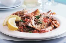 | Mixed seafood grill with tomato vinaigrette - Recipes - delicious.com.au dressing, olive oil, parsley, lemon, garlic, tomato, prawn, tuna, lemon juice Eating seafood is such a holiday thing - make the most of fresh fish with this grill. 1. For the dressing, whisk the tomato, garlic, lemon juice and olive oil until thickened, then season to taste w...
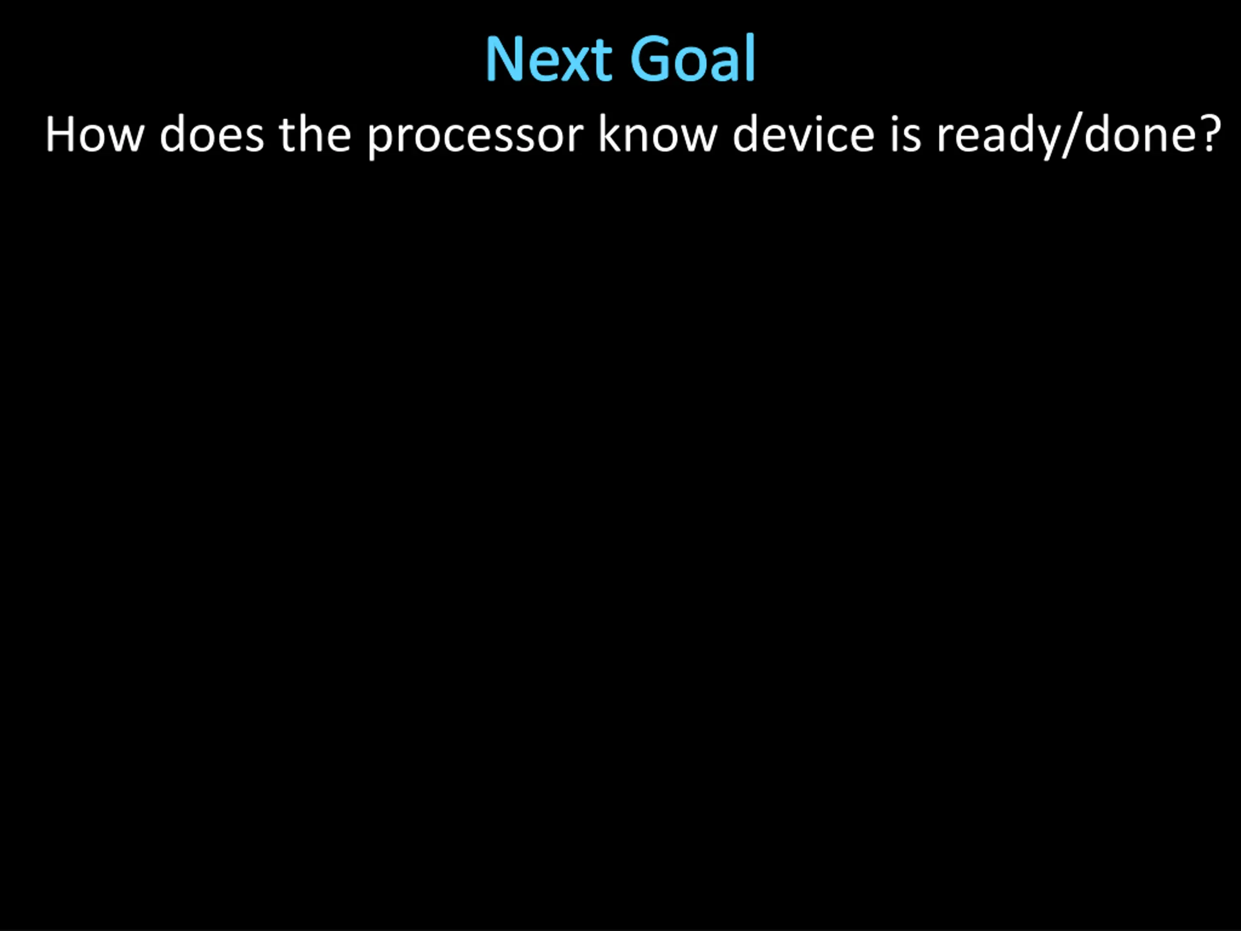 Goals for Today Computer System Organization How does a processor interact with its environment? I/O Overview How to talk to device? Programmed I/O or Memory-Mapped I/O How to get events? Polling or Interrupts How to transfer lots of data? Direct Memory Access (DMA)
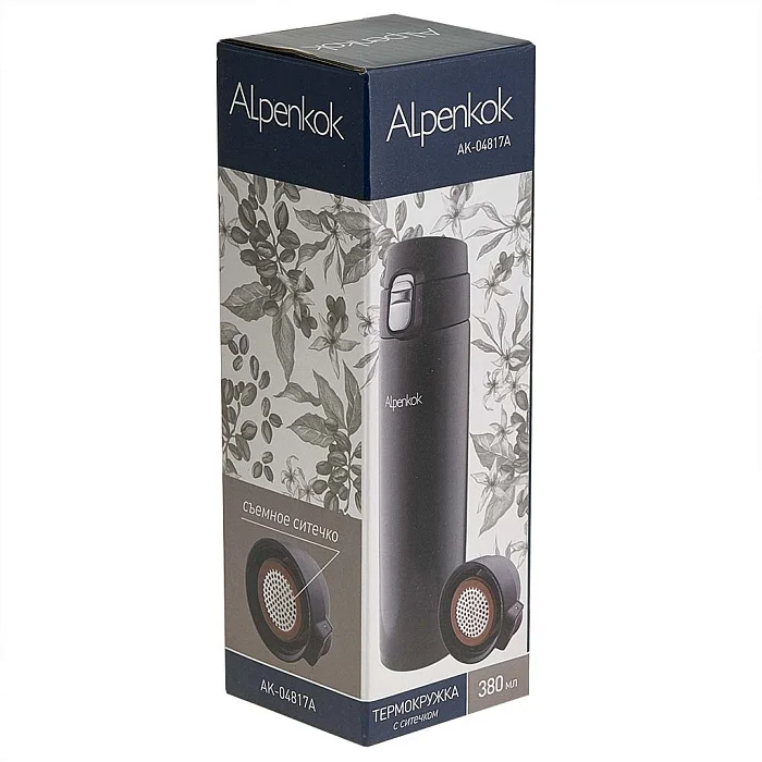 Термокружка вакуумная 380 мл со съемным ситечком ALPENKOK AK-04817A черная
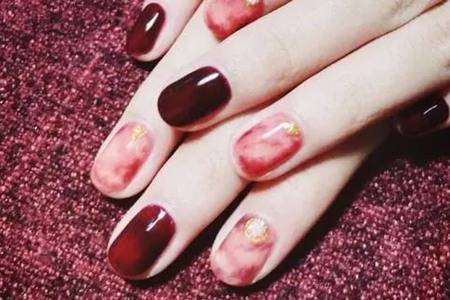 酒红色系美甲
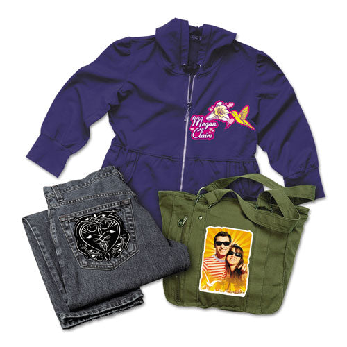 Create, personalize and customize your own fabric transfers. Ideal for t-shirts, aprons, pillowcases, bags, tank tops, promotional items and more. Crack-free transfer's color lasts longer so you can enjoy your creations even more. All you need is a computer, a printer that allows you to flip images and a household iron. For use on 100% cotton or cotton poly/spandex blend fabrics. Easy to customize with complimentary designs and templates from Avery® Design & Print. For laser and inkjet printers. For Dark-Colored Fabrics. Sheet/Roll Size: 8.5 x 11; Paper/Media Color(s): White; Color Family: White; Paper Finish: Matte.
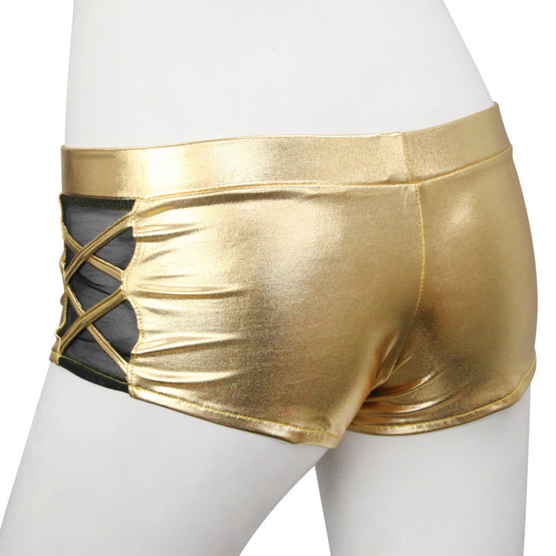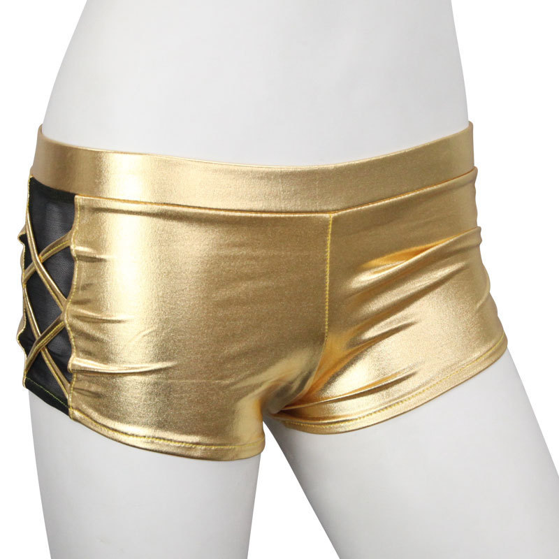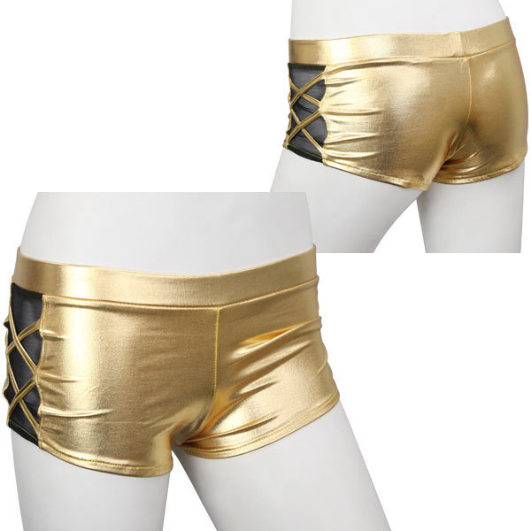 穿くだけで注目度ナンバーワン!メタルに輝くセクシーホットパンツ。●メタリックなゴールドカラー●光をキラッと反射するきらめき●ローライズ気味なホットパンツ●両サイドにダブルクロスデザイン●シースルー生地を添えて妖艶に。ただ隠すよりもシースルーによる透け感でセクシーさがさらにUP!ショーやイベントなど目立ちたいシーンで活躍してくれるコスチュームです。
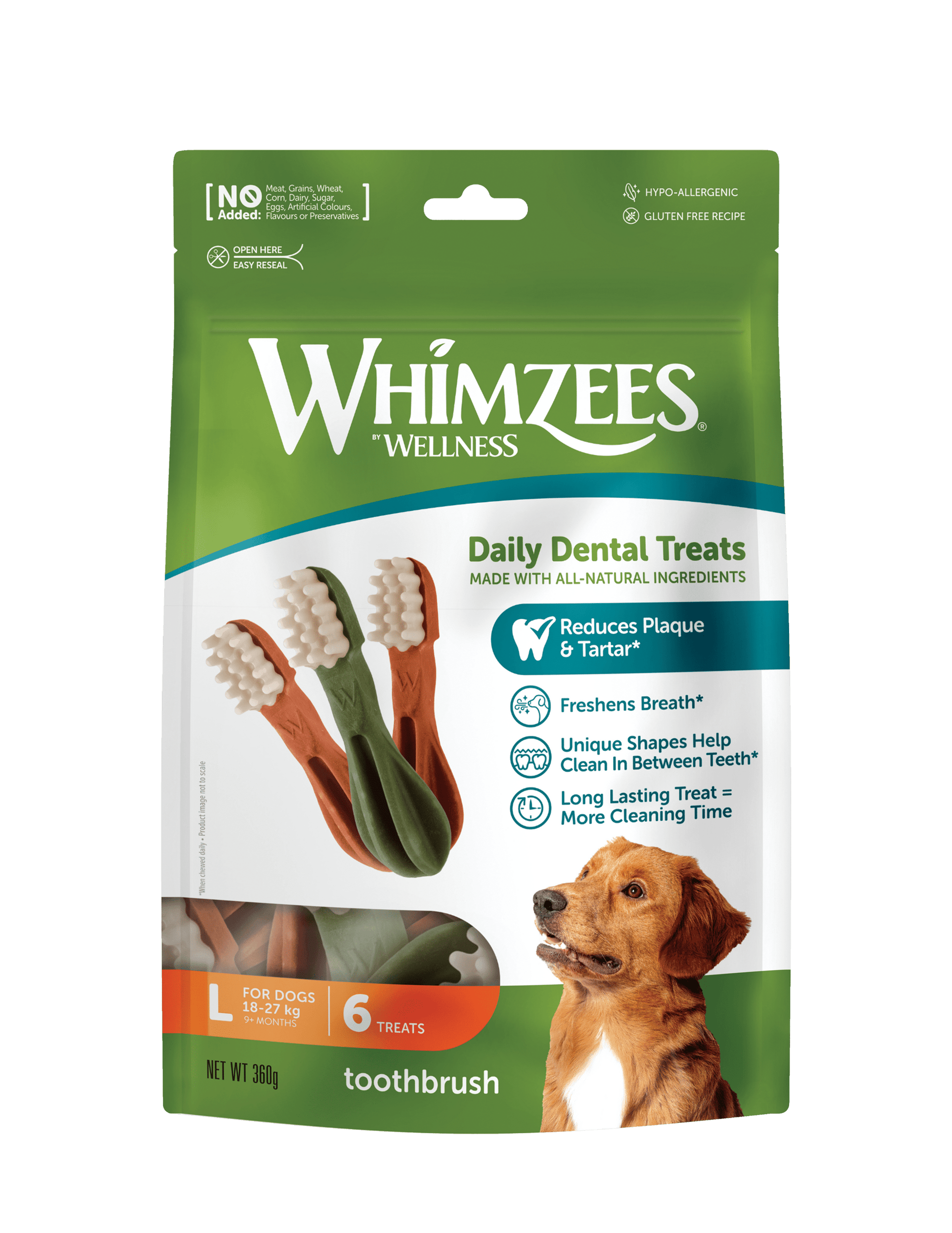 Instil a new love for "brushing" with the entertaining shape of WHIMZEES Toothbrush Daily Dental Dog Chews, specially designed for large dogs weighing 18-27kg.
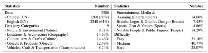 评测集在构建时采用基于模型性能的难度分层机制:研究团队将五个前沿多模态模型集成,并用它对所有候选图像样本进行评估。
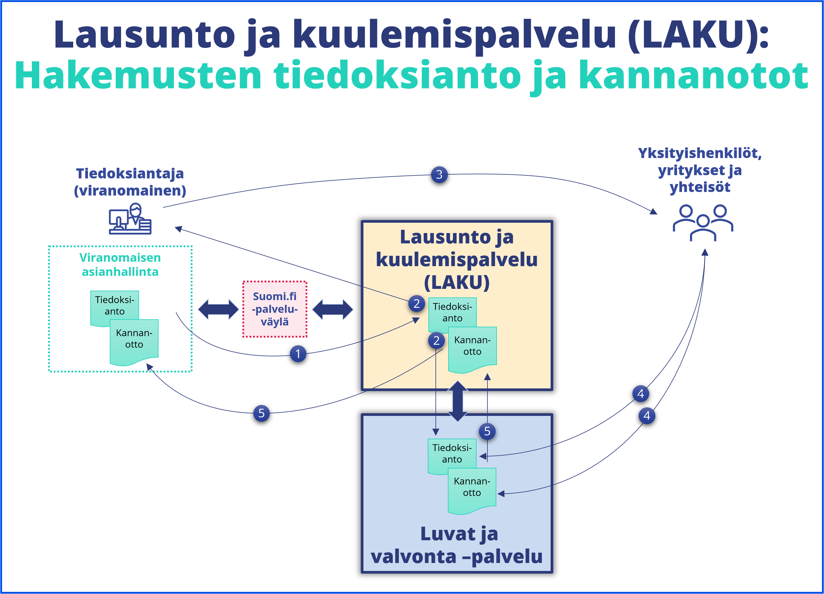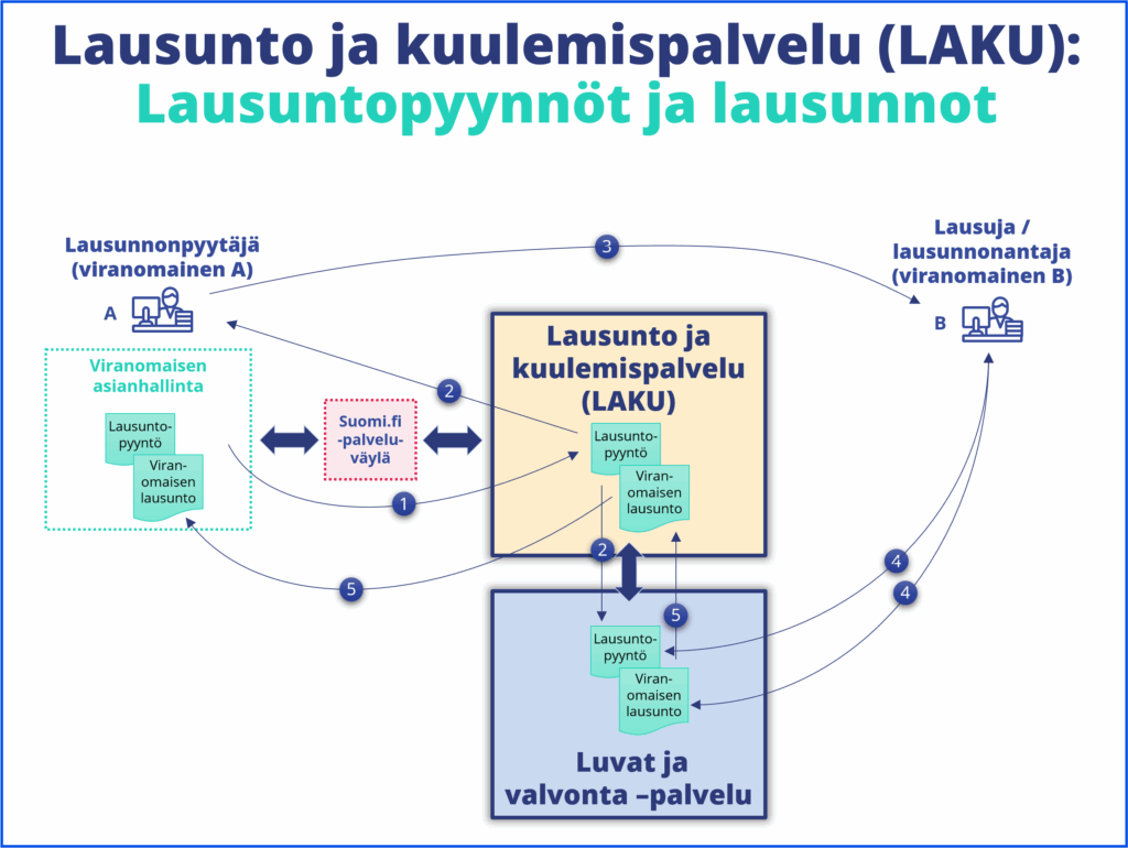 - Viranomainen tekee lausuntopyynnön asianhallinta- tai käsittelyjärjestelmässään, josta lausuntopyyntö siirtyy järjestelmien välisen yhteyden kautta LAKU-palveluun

★ ★ ★ ★

> [Instructions for the task] Each entry above should be printed again word for word, with any picture dropped.

> [Answer for the task]
 | Mixed seafood grill with tomato vinaigrette - Recipes - delicious.com.au dressing, olive oil, parsley, lemon, garlic, tomato, prawn, tuna, lemon juice Eating seafood is such a holiday thing - make the most of fresh fish with this grill. 1. For the dressing, whisk the tomato, garlic, lemon juice and olive oil until thickened, then season to taste w...
 Goals for Today Computer System Organization How does a processor interact with its environment? I/O Overview How to talk to device? Programmed I/O or Memory-Mapped I/O How to get events? Polling or Interrupts How to transfer lots of data? Direct Memory Access (DMA)
 Термокружка вакуумная 380 мл со съемным ситечком ALPENKOK AK-04817A черная
 酒红色系美甲
 Create, personalize and customize your own fabric transfers. Ideal for t-shirts, aprons, pillowcases, bags, tank tops, promotional items and more. Crack-free transfer's color lasts longer so you can enjoy your creations even more. All you need is a computer, a printer that allows you to flip images and a household iron. For use on 100% cotton or cotton poly/spandex blend fabrics. Easy to customize with complimentary designs and templates from Avery® Design & Print. For laser and inkjet printers. For Dark-Colored Fabrics. Sheet/Roll Size: 8.5 x 11; Paper/Media Color(s): White; Color Family: White; Paper Finish: Matte.
 穿くだけで注目度ナンバーワン!メタルに輝くセクシーホットパンツ。●メタリックなゴールドカラー●光をキラッと反射するきらめき●ローライズ気味なホットパンツ●両サイドにダブルクロスデザイン●シースルー生地を添えて妖艶に。ただ隠すよりもシースルーによる透け感でセクシーさがさらにUP!ショーやイベントなど目立ちたいシーンで活躍してくれるコスチュームです。
 Instil a new love for "brushing" with the entertaining shape of WHIMZEES Toothbrush Daily Dental Dog Chews, specially designed for large dogs weighing 18-27kg.
 评测集在构建时采用基于模型性能的难度分层机制:研究团队将五个前沿多模态模型集成,并用它对所有候选图像样本进行评估。
 - Viranomainen tekee lausuntopyynnön asianhallinta- tai käsittelyjärjestelmässään, josta lausuntopyyntö siirtyy järjestelmien välisen yhteyden kautta LAKU-palveluun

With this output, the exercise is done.